**Source data**
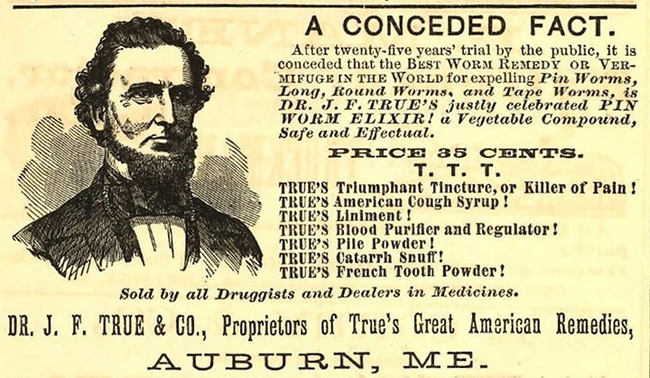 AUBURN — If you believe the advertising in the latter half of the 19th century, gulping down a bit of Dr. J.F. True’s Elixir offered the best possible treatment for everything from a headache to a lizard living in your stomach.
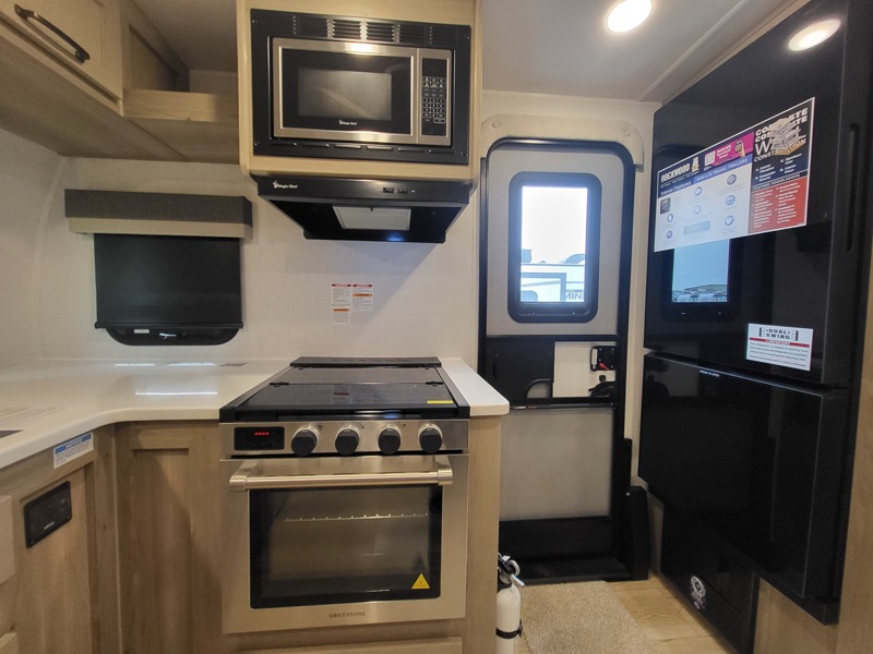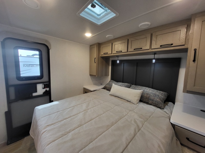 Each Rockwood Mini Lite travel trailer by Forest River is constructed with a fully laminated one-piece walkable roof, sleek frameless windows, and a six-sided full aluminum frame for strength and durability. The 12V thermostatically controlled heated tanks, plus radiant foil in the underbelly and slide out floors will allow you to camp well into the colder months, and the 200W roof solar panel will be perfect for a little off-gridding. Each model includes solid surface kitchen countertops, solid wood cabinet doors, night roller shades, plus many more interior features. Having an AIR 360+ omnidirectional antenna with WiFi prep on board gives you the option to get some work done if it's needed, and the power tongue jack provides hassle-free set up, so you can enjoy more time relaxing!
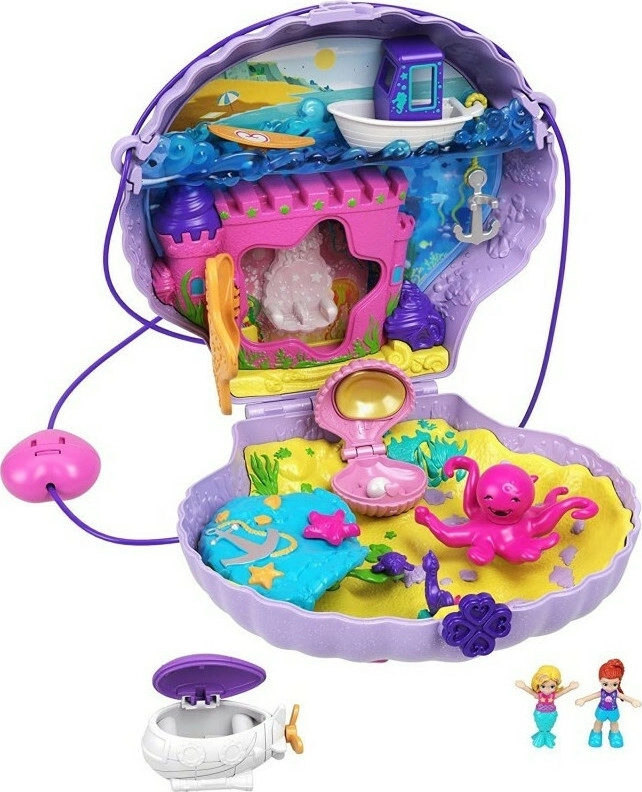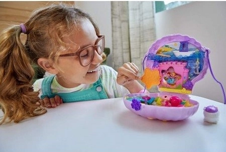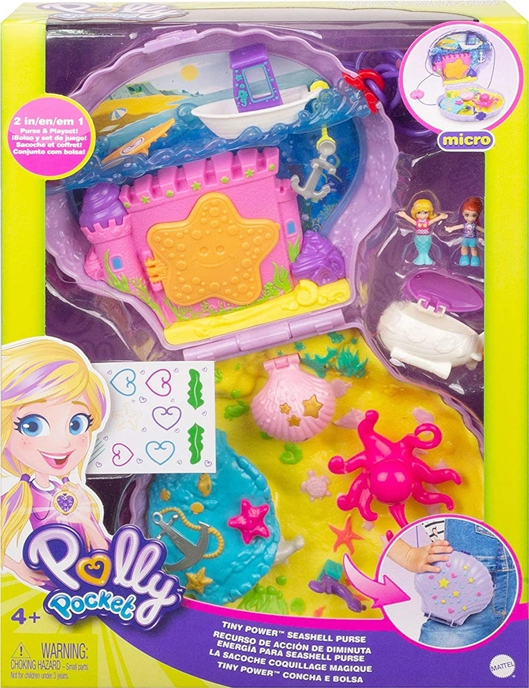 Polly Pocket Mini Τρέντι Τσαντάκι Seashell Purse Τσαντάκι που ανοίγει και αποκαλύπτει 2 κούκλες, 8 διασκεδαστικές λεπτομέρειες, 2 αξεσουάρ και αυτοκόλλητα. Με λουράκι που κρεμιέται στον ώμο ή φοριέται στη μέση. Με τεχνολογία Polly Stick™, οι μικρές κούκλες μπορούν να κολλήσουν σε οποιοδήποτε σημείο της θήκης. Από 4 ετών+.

**Exercise**
Give back the listing word for word, minus its images.

**Solved problem**
 AUBURN — If you believe the advertising in the latter half of the 19th century, gulping down a bit of Dr. J.F. True’s Elixir offered the best possible treatment for everything from a headache to a lizard living in your stomach.
 Each Rockwood Mini Lite travel trailer by Forest River is constructed with a fully laminated one-piece walkable roof, sleek frameless windows, and a six-sided full aluminum frame for strength and durability. The 12V thermostatically controlled heated tanks, plus radiant foil in the underbelly and slide out floors will allow you to camp well into the colder months, and the 200W roof solar panel will be perfect for a little off-gridding. Each model includes solid surface kitchen countertops, solid wood cabinet doors, night roller shades, plus many more interior features. Having an AIR 360+ omnidirectional antenna with WiFi prep on board gives you the option to get some work done if it's needed, and the power tongue jack provides hassle-free set up, so you can enjoy more time relaxing!
 Polly Pocket Mini Τρέντι Τσαντάκι Seashell Purse Τσαντάκι που ανοίγει και αποκαλύπτει 2 κούκλες, 8 διασκεδαστικές λεπτομέρειες, 2 αξεσουάρ και αυτοκόλλητα. Με λουράκι που κρεμιέται στον ώμο ή φοριέται στη μέση. Με τεχνολογία Polly Stick™, οι μικρές κούκλες μπορούν να κολλήσουν σε οποιοδήποτε σημείο της θήκης. Από 4 ετών+.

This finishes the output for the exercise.